The other source of static power consumption in FPGAs is the DC current of the working circuit, but to a large extent, this part of the current does not change much with the process and temperature. For example, I/O power supply (such as HSTL, SSTL and LVDS and other I/O standard termination voltage) and LVDS and other current-driven I/O DC current. Some FPGA simulation modules also bring static power consumption, but also have little to do with process and temperature. For example, the digital clock manager (DCM) used to control the clock in Xilinx FPGA; the phase-locked loop (PLL) in Xilinx Virtex-5 FPGA; and the unit IODELAY used for programmable delay of input and output information in Xilinx FPGA.


Dynamic power consumption refers to the power consumption caused by the switching activity of the FPGA core or I/O. In order to calculate dynamic power consumption, the number of switching transistors and wiring, capacitance, and switching frequency must be known. In FPGAs, transistors implement logic and programmable interconnections between metal wires. The capacitance includes the parasitic capacitance of the transistor and the capacitance of the metal interconnection line.

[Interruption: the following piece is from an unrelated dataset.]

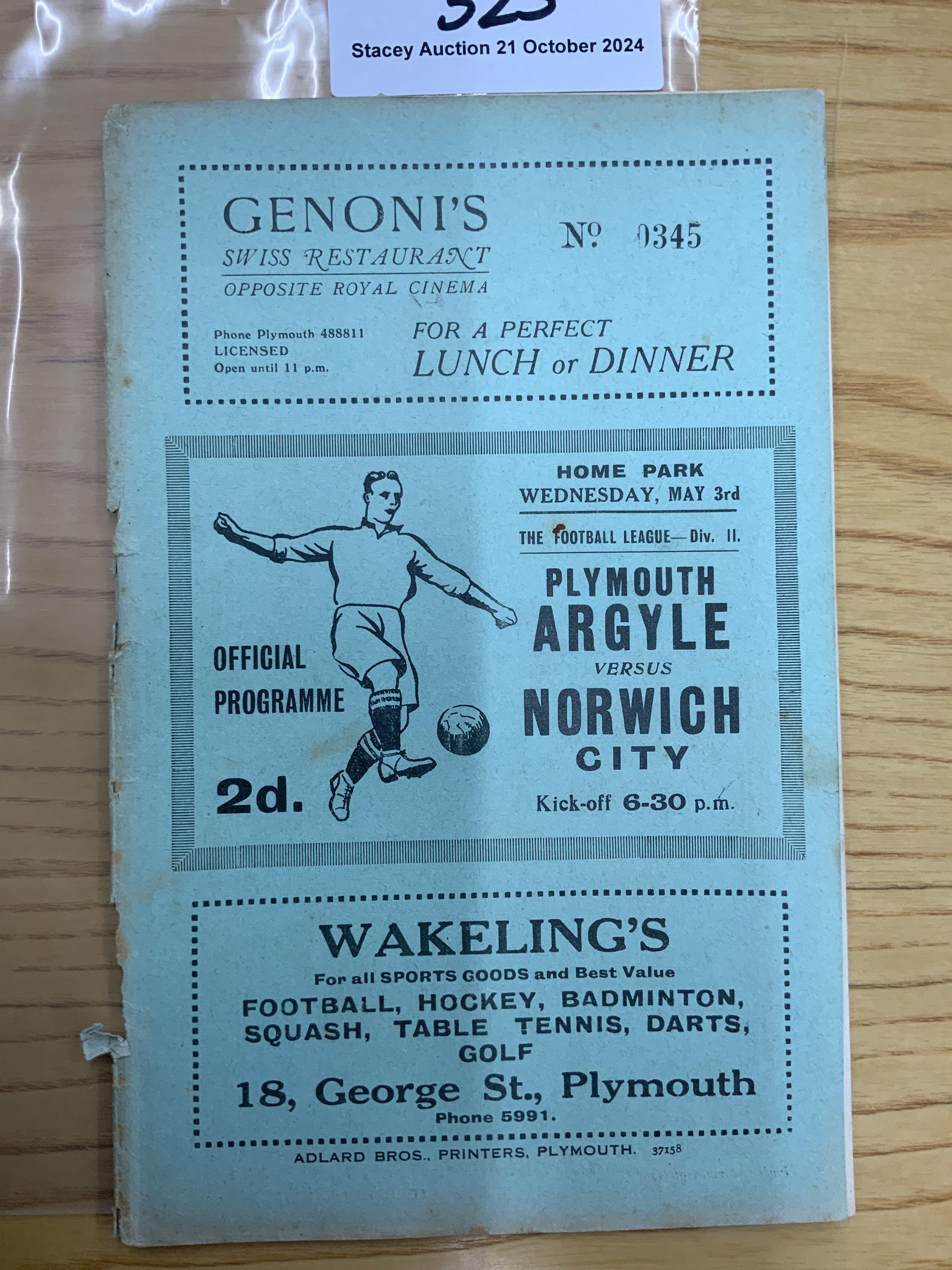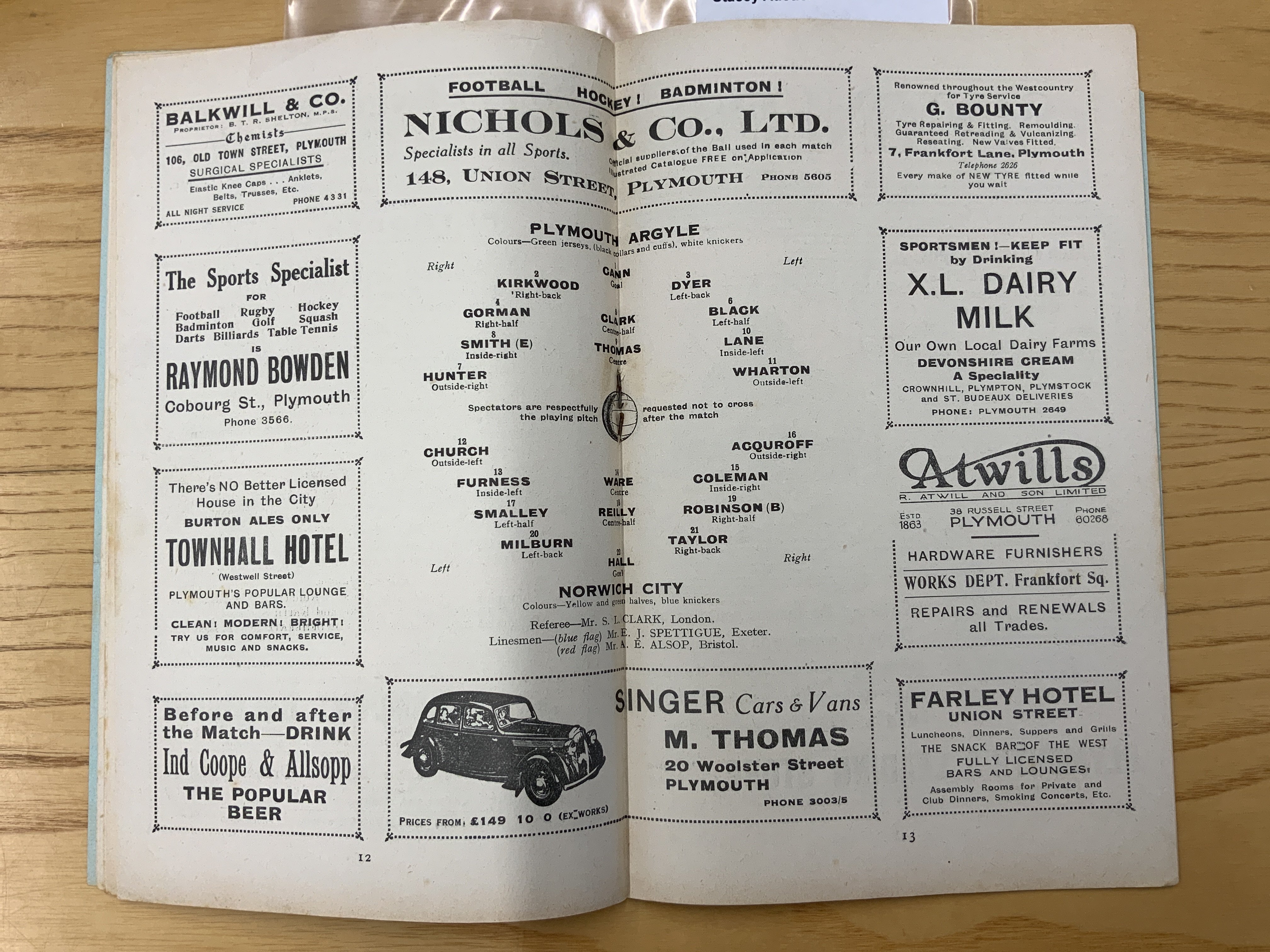 38/39 Plymouth Argyle v Norwich City Football Programme: Fair condition with no team changes although spine has some wear and tiny paper loss to rear edge. League match dated 3 5 1939.
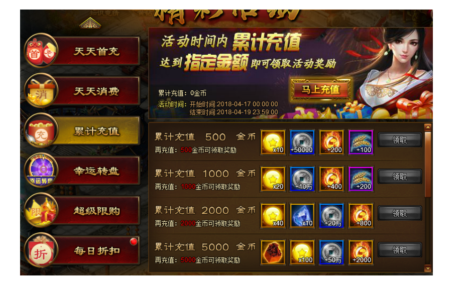 活动内容:活动期间累计充值达到指定金额即可领取丰厚奖励。

The formula of dynamic power: PDYNAMIC=nCV2f, where n=number of switching nodes, C=capacitance, V=voltage swing, f=switching frequency.


A more compact logic package (through internal FPGA architecture changes) can reduce the number of switching transistors. The use of smaller-sized transistors can shorten the wiring length between the transistors, thereby reducing dynamic power. Therefore, the 65nm transistor in the Virtex-5 FPGA has a smaller gate capacitance and a shorter interconnect length. The combination of the two can reduce the capacitance of the node by about 15% to 20%, which can further reduce the dynamic power.


Voltage also has an effect on dynamic power. From 90nm to 65nm process, just by reducing VCCINT from 1.2V to 1V, the dynamic power of Virtex-5 FPGA design is reduced by about 30%. Coupled with the power reduction brought by the structural enhancement, the total dynamic power consumption is reduced by 40% to 50% compared with the 90nm technology.


(Note: Dynamic power is proportional to the square of VCCINT, but for the FPGA core, it is basically independent of temperature and process.)


Use FPGA design technology to reduce power consumption


Xilinx provides two power analysis tools. The XPower Estimator (XPE) spreadsheet tool can be used before the designer uses the physical implementation tool. After the physical implementation of the design is completed, the second tool XPower Analyzer can be used to check the impact of the changes made on power consumption.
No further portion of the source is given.